The 6 Pillars of Self-Esteem, Nathaniel Branden

The 6 Pillars of Self- Esteem, Nathaniel Branden

 

Category: getting to “by me”

The 6 Pillars of Self-Esteem is a true classic of personal growth. It’s called the “definitive work on self-esteem” for a reason!

Here’s Nathaniel Branden’s definition of self-esteem: “To trust one’s mind and to know that one is worthy of happiness is the essence of self-esteem.”

This is a pretty broad statement, but you’ll understand once you hear the 6 pillars.

What does low self-esteem look like? It is based on fear. Fear of reality, fear of emotions, fear of exposure, of loss, of humiliation, of responsibility, and believe it or not, a fear of success. Notice that these can be very subtle.

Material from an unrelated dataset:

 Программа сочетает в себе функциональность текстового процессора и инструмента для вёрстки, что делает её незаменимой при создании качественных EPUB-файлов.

You must also know that low self-esteem is likely to entail self-sabotage. Your subconscious simply won’t let you succeed.

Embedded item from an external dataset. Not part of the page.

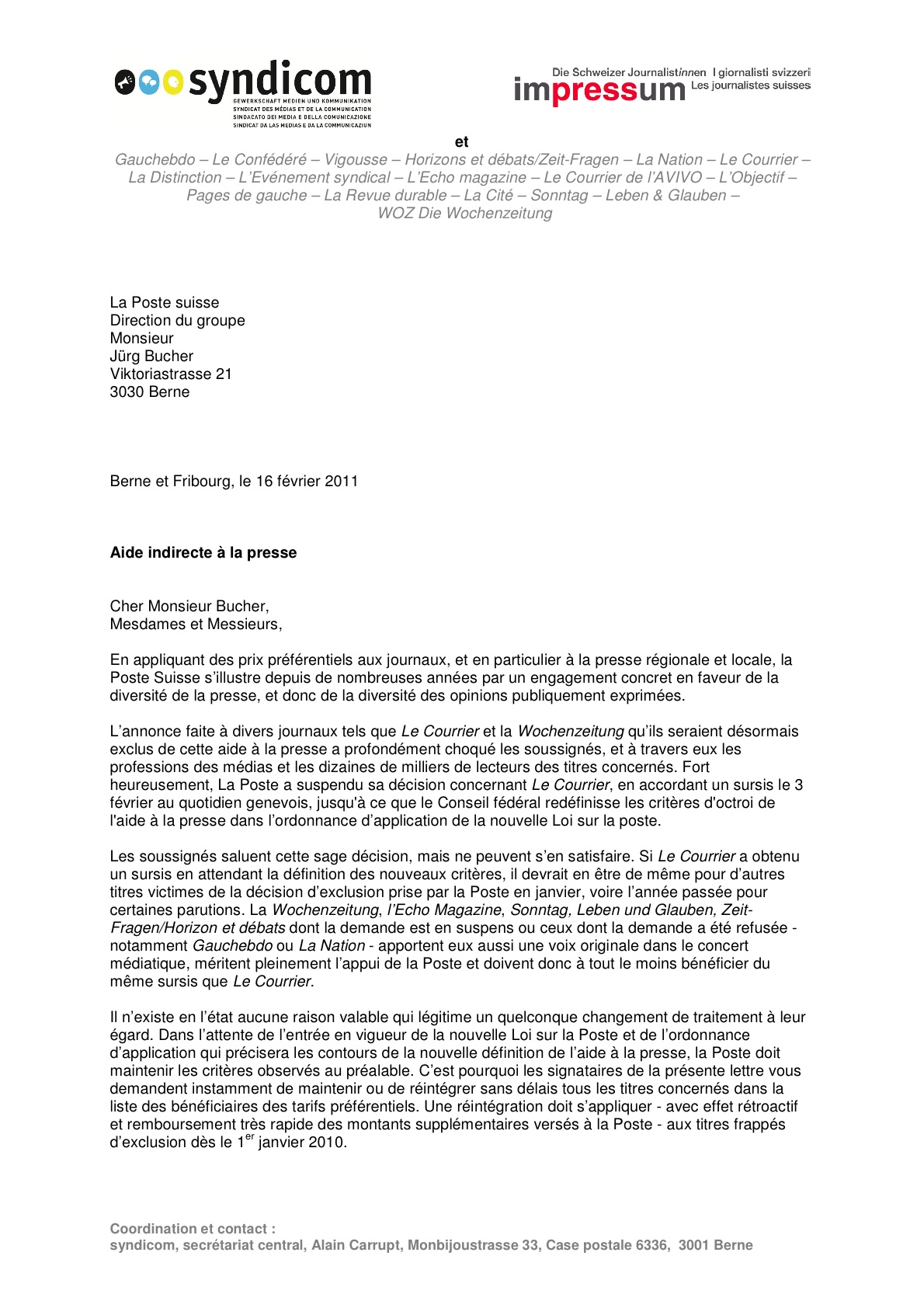 « Les décisions prises ces 12 derniers mois par la Poste d’exclure certains titres de l’aide indirecte à la presse sont d’autant plus inadmissible que la législation postale, qui définit cette aide, était en plein processus de révision », soulignent les signataires dans un communiqué diffusé le 16 février 2011. La Poste semble s’en être rendu compte, puisqu’elle a fait une première volte-face en accordant un sursis au « Courrier« de Genève. Les signataires de la lettre ouverte exigent que la Poste, en toute logique, accorde le même sursis à tous les autres titres concernés, dans l’attente de l’entrée en vigueur de la nouvelle loi et de l’ordonnance, vraisemblablement au 1er janvier 2012.

So what does healthy self-esteem look like? He says “healthy self-esteem is significantly correlated with rationality, realism, intuitiveness, creativity, independence, flexibility, ability to manage change, willingness to admit (and correct) mistakes, benevolence, and cooperativeness.” It is all based on self-efficacy and self-respect.

Here are the 6 Pillars:

  1. Living Consciously
  2. Self-Acceptance
  3. Self-Responsability
  4. Self-Assertiveness
  5. Living Purposefully
  6. Personal Integrity

Living consciously means being aware of what one is doing, thinking, and feeling, and what our values, beliefs, goals and purposes are. For example, you might unconsciously know that you’re not giving it your best at your job, but you don’t want to think about it. If you shun the problem, it doesn’t go away. Shine the light of awareness on it first, and you will no longer be a mystery to yourself.

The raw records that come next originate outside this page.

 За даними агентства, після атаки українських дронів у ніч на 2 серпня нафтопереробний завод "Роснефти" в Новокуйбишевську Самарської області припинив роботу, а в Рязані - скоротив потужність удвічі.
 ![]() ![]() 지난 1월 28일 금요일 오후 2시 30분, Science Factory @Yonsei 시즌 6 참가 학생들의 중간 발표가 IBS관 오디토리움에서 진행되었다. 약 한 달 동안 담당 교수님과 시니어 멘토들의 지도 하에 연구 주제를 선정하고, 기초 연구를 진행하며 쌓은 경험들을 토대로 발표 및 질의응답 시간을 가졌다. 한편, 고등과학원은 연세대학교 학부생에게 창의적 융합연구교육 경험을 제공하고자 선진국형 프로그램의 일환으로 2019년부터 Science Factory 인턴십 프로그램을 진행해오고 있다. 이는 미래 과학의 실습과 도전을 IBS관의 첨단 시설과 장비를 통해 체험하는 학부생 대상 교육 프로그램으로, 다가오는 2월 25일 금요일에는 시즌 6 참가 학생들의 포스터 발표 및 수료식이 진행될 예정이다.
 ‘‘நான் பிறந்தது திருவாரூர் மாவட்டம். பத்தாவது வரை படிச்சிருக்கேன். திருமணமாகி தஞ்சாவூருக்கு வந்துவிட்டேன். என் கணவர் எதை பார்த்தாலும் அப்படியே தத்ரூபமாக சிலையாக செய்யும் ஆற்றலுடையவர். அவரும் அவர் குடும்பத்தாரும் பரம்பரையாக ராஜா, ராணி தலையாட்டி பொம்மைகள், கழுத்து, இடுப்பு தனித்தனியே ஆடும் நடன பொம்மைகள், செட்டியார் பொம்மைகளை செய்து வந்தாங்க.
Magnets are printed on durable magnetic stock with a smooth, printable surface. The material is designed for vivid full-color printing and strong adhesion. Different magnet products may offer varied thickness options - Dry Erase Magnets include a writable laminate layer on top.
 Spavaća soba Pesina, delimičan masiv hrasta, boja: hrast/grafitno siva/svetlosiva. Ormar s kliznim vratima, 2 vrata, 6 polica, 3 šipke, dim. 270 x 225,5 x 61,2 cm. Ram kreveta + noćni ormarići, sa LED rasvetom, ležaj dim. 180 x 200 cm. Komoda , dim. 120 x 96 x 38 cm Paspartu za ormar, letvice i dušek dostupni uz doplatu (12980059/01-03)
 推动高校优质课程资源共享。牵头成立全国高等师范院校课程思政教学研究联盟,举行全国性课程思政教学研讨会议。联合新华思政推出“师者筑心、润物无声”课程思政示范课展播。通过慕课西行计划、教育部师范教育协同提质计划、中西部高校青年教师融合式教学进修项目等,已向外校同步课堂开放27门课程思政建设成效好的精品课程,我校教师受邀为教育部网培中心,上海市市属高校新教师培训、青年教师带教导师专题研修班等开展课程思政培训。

Self-acceptance is the next step: while identifying these aspects of yourself, accept them! Accept that they are there. You don’t have to like them, and you can change them later, but by not accepting them, you deny reality. This step is necessary in order to change anything.

Self-responsability is understanding that your life and your happiness are in your hands. No knight in shining armor is going to save you. For you that might be your parents, the government, your spouse, your employees or a rich friend who bails you out. How’s that been working out for you? Is relying on others getting you what you want? Then understand that your life is in your hands.

Self-assertiveness is honoring your needs, wants and values, and expressing them. It means to stand up for yourself and your beliefs, and to live authentically.

Living purposefully is to use our powers for attaining goals we have consciously (note the recurrent use of that word) selected. Instead of being a cork floating on the sea, you have a compass.

Personal integrity means to live and behave in congruence with our values. This includes being honest in your opinion, being trustworthy, and not being hypocritical.

ALL of these pillars are internally-generated. No one else can raise your self-esteem for you. At least not in a lasting way.

These six pillars are the essence of self-esteem.

Believe it or not all that accounts for one-half of the book. The second half goes into a lot of detail talking self-esteem in a broader sense, such as in culture, in schools, in children, and so forth. This makes it into more than just a personal-development book, but also a comprehensive book on self-esteem as a whole.

One thing I really loved about the book was the different psychological exercises he gives, most notably stem sentences. They are sentences with the ends missing, and you have to generate 6-10 answers without filtering as fast as you can. This gives you and insight into your subconscious.

Here are some examples from the book:

If I am more accepting of my joy_____.

When I deny and disown my joy_____.

If I am willing to see what I see and know what I know_____.

There are no right or wrong answers.

This is a super versatile technique, and at every chapter he gives about 20 different ones. At the end he even has a 31-week program of these for raising self-esteem!

I have been doing the ones related to self-assertiveness since that’s one of my sticking points.

The last point I want to make about this book is that Nathaniel Branden can be stubborn about his definition and defense of self-esteem, and doesn’t understand the next stages of personal development. Just remember, this book is FANTASTIC for getting into “by me!” But recognize when you need to move forward.

 

Favorite quote:

 

“We can run not only from our dark side but also from our bright side—from anything that threatens to make us stand out or stand alone, or that calls for the awakening of the hero within us, or that asks that we break through to a higher level of consciousness and reach a higher ground of integrity. The greatest crime we commit against ourselves is not that we may deny and disown our shortcomings but that we deny and disown our greatness—because it frightens us. If a fully realized self-acceptance does not evade the worst within us, neither does it evade the best.”

 

The Verdict:

One of the great, comprehensive guide for the raising of self-esteem. Highly recommend for anyone in “to me” (but others may find it useful too!).